The chain, the whip, and the sword mirror Dr. King's "giant triplets of racism, extreme materialism, and militarism." This logic, this way of looking at the world, creates the very criminals, failures, and violence those who seek to justify it set out to find, while a tiny group reap vast profits from it as they sit besieged in a world of misery. The lesson of slavery's failure has been slow to sink in.

There is another way: see the economics section.

Historic Background

The first chapter of Steve Reich's book captures the period in which Dr. Kings insight into oppression is rooted: the time when the US struggled with the end of slavery, and how to move forward. Citing the report of William E. Strong on Southern planters to Major-General O. O. Howard, January 1, 1866, "Reports of the Assistant Commissioners," Sen. Exec. Doc. 27, 39th Congress, 1st Sess., p. 83, Reich quotes:
They insisted that unless they resorted 'to the overseer, whip , and
hounds' their estates would deteriorate and never recover.
... "Planters resented that emancipation not only challenged their
sense of racial supremacy but also eroded their authority as employers
of labor." p. 13
The fate that awaited African Americans was one with which many workers of all background can relate today:
"Because black material success often rested on white goodwill, blacks
took great care not to appear too successful or to transgress racial
boundaries" 
Reich goes on to tell of a black teacher who felt compelled to live in an unpainted house. p. 39

Reich spells out the details of the political reasoning at the time.

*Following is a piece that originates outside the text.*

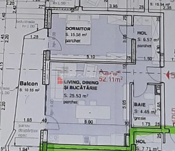 » 2 camere, 1 konyha, 1 fürdőszoba, 55.4 m2
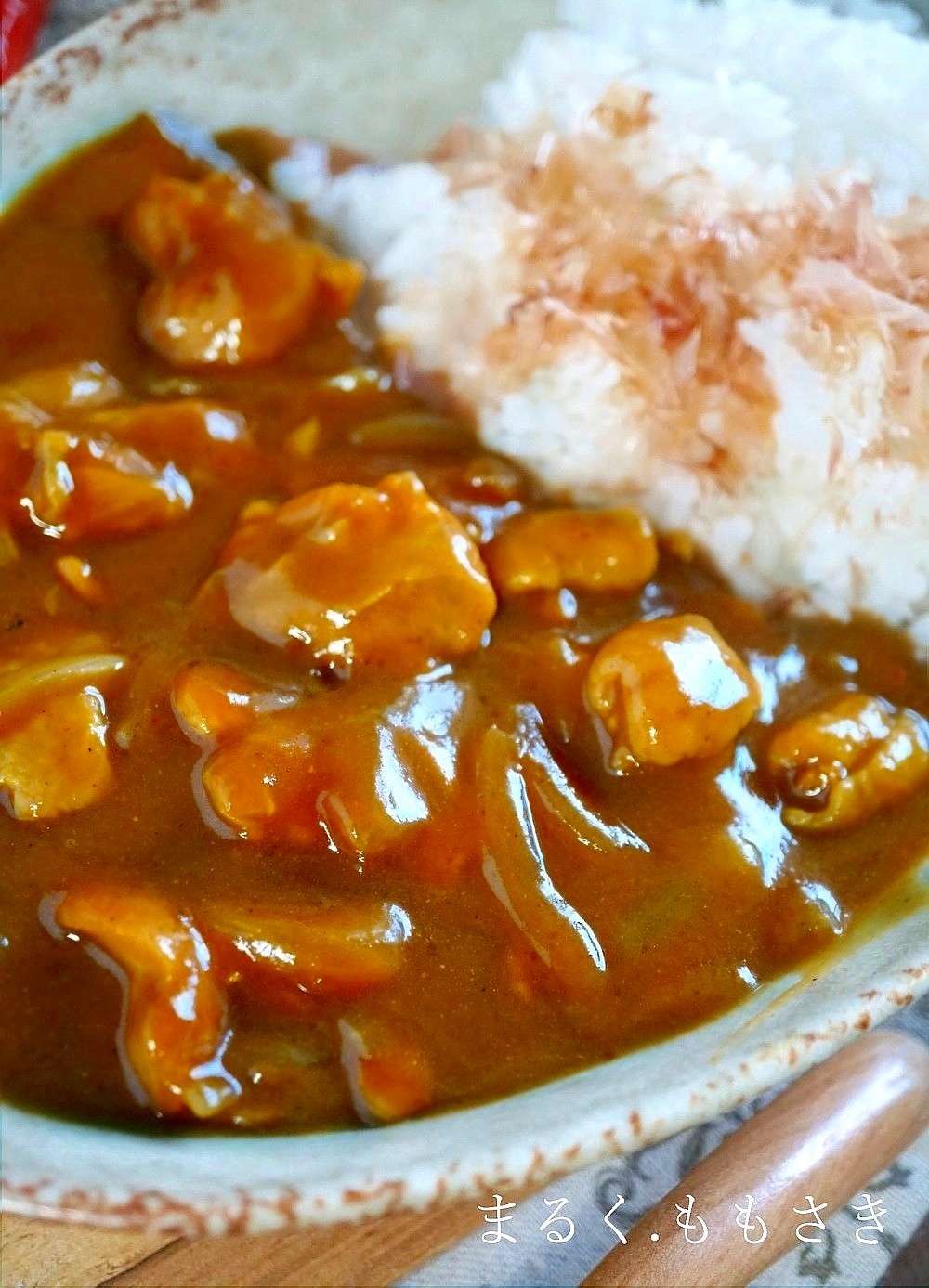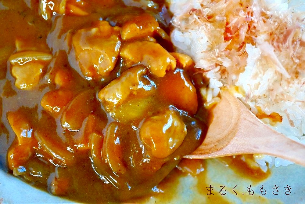 フライドオニオンのトッピングも合うけど、今回はご飯に鰹節をトッピングしました。これ出来立ても美味しいけど、次の日のカレーはさらに深いお味です

"The political activism of black workers in the low country caused
Republicans to fear the African Americans would corrupt the political
system by seizing the reins of government in order to confiscate
property, redistribute wealth, and erode the promise of social
mobility through hard work. Faced with growing whit working-class
unrest in the North and politically mobilized former slaves in the
South, Northern Republicans abandoned their working-class allies,
fearful that they would sow the seeds of political and economic
disorder by strengthening the rights of labor at the expense of the
rights of property." p. 30
"Many Republicans, who valued property rights over labor rights, grew
fearful of encouraging a class politics from below. More and more,
they became convinced that it was safer and wiser to come to terms
with former Confederates than to promote and protect the interests of
their black working-class constituents. In so doing, they enabled the
whit propertied elites of the South to survive the trials of
Reconstruction." p. 31
Quotes from A Working People: A history of African American workers since Emancipation, Rowman and Littlefield, 2013, New York.